■ **DATASET SECTION**
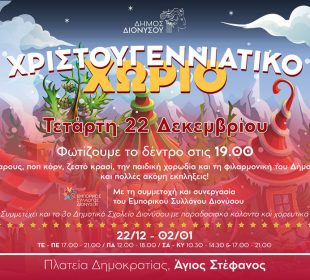 Η σχετική ανακοίνωση: Την Τετάρτη 22 Δεκεμβρίου στις 19:00 μ.μ. φωτίζουμε το Χριστουγεννιάτικο Δέντρο στο Δήμο Διονύσου, στην Πλατεία Δημοκρατίας στον Άγιο ...Ανακοίνωση του Δήμου Διονύσου για τις προσαυξήσεις στους λογαριασμούς ύδρευσης
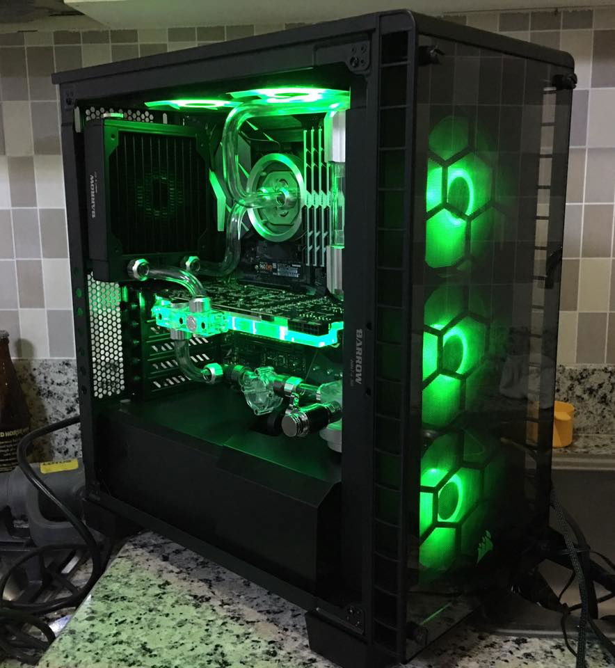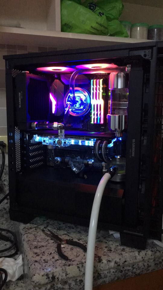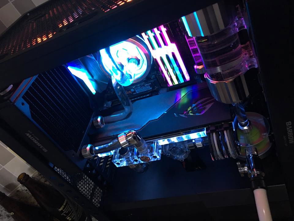 Intel i7-7700k Asus Z270E Strix Motherboard 32GB G-Skill Trident Z RGB Gigabyte GTX 980 Ti Windforce Graphics Thermaltake 850 Watts Riing RGB psu Corsair 460x RGB case Samsung NVME m.2 250GB SSD WD Caviar Blue 2TB HDD FTW PSU sleeved cables
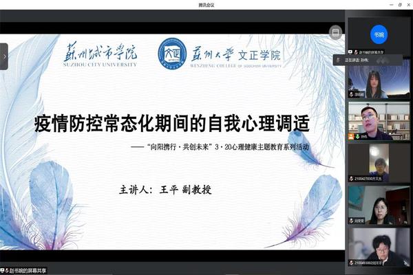 3月18日晚,我校举办“疫情防控常态化期间大学生的自我心理调适”线上专题讲座,苏州大学心理健康教育中心教师、苏州大学教育学院应用心理学硕士生导师王平副教授主讲,400余名学生参加讲座。讲座由孙伟主持。
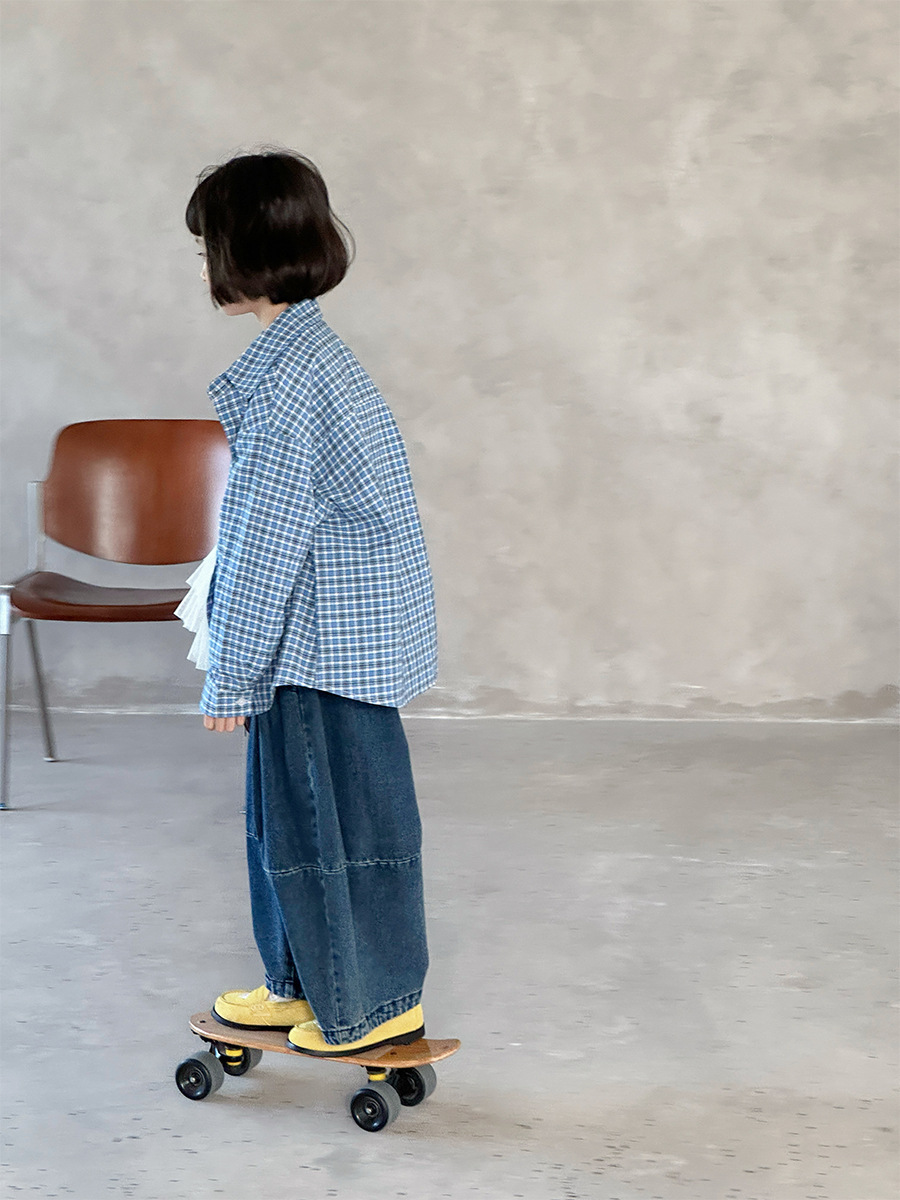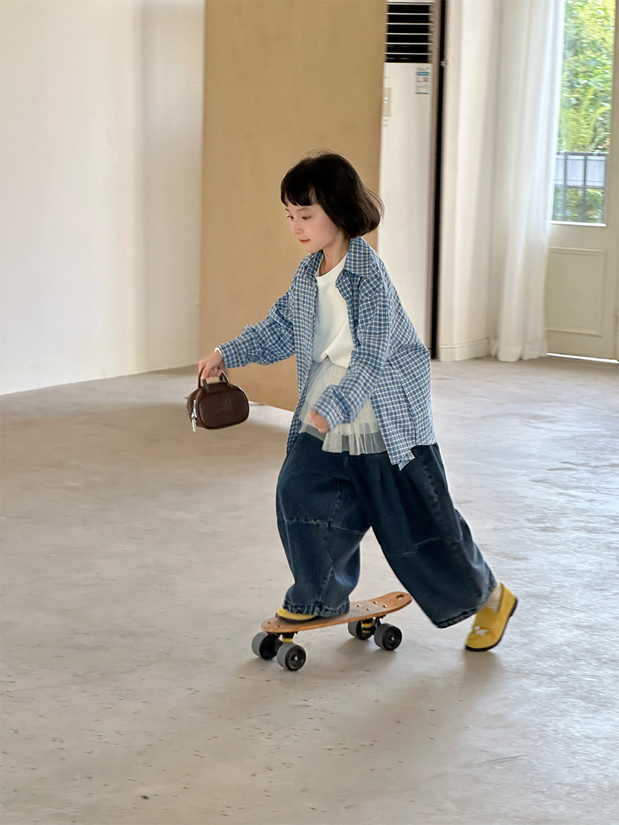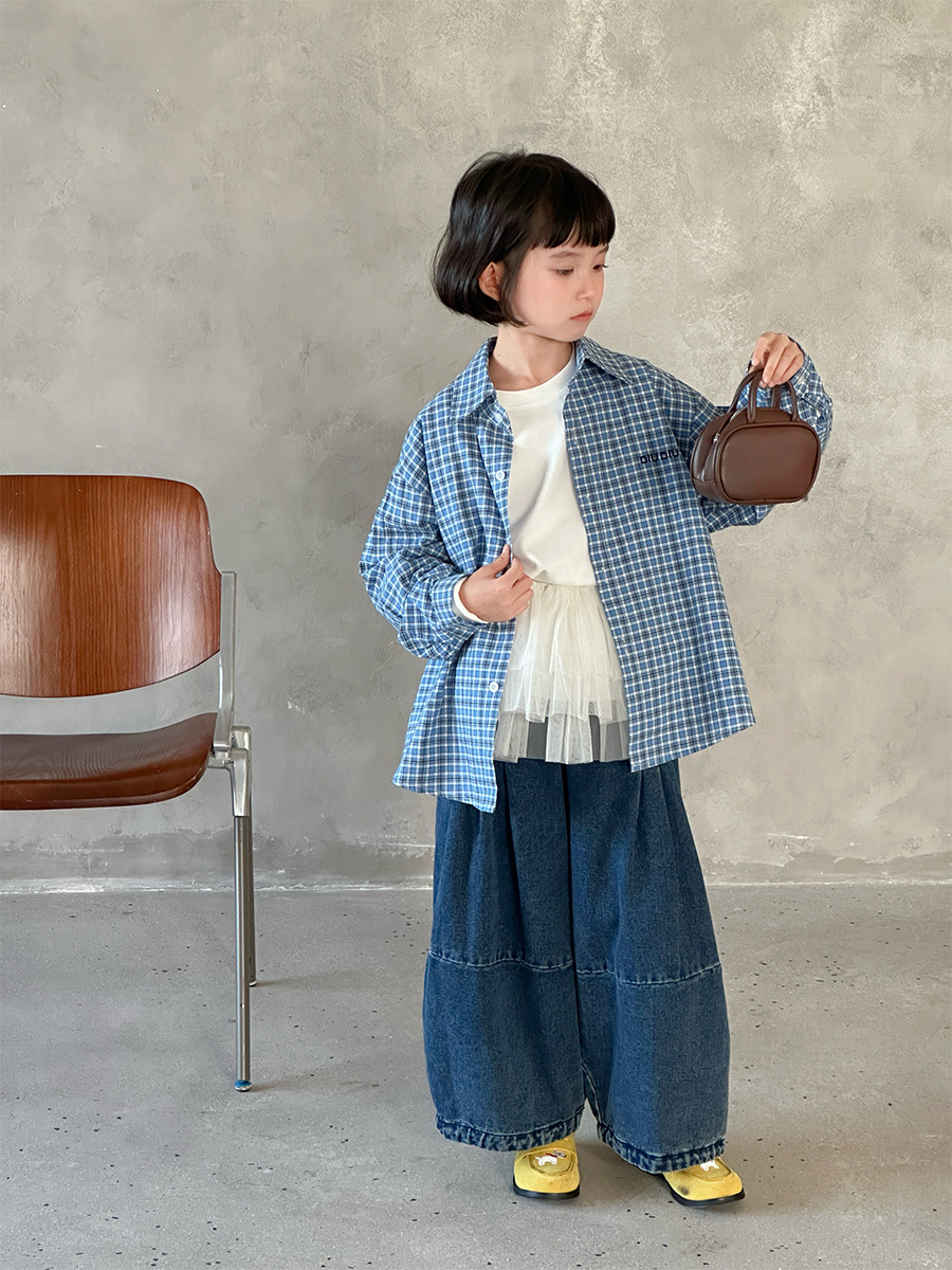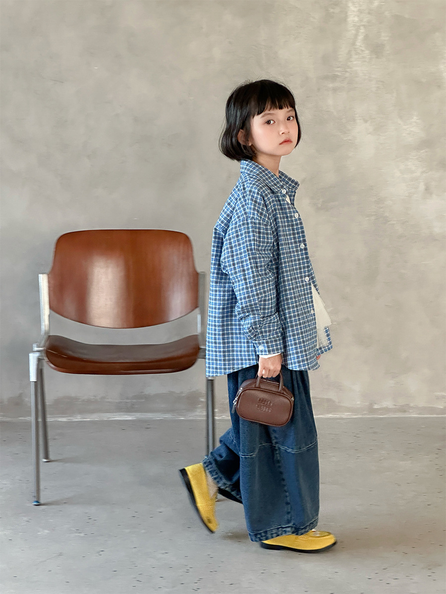 2026 봄 신상 한국 스타일 아동용 블루 체크 셔츠 남녀 공용 캐주얼 다용도 라펠 셔츠 트렌디스토어 가기

■ **WORK ITEM**
Give back the full listing word for word, with the pictures left out.

■ **RESPONSE BOX**
 Η σχετική ανακοίνωση: Την Τετάρτη 22 Δεκεμβρίου στις 19:00 μ.μ. φωτίζουμε το Χριστουγεννιάτικο Δέντρο στο Δήμο Διονύσου, στην Πλατεία Δημοκρατίας στον Άγιο ...Ανακοίνωση του Δήμου Διονύσου για τις προσαυξήσεις στους λογαριασμούς ύδρευσης
 Intel i7-7700k Asus Z270E Strix Motherboard 32GB G-Skill Trident Z RGB Gigabyte GTX 980 Ti Windforce Graphics Thermaltake 850 Watts Riing RGB psu Corsair 460x RGB case Samsung NVME m.2 250GB SSD WD Caviar Blue 2TB HDD FTW PSU sleeved cables
 3月18日晚,我校举办“疫情防控常态化期间大学生的自我心理调适”线上专题讲座,苏州大学心理健康教育中心教师、苏州大学教育学院应用心理学硕士生导师王平副教授主讲,400余名学生参加讲座。讲座由孙伟主持。
 2026 봄 신상 한국 스타일 아동용 블루 체크 셔츠 남녀 공용 캐주얼 다용도 라펠 셔츠 트렌디스토어 가기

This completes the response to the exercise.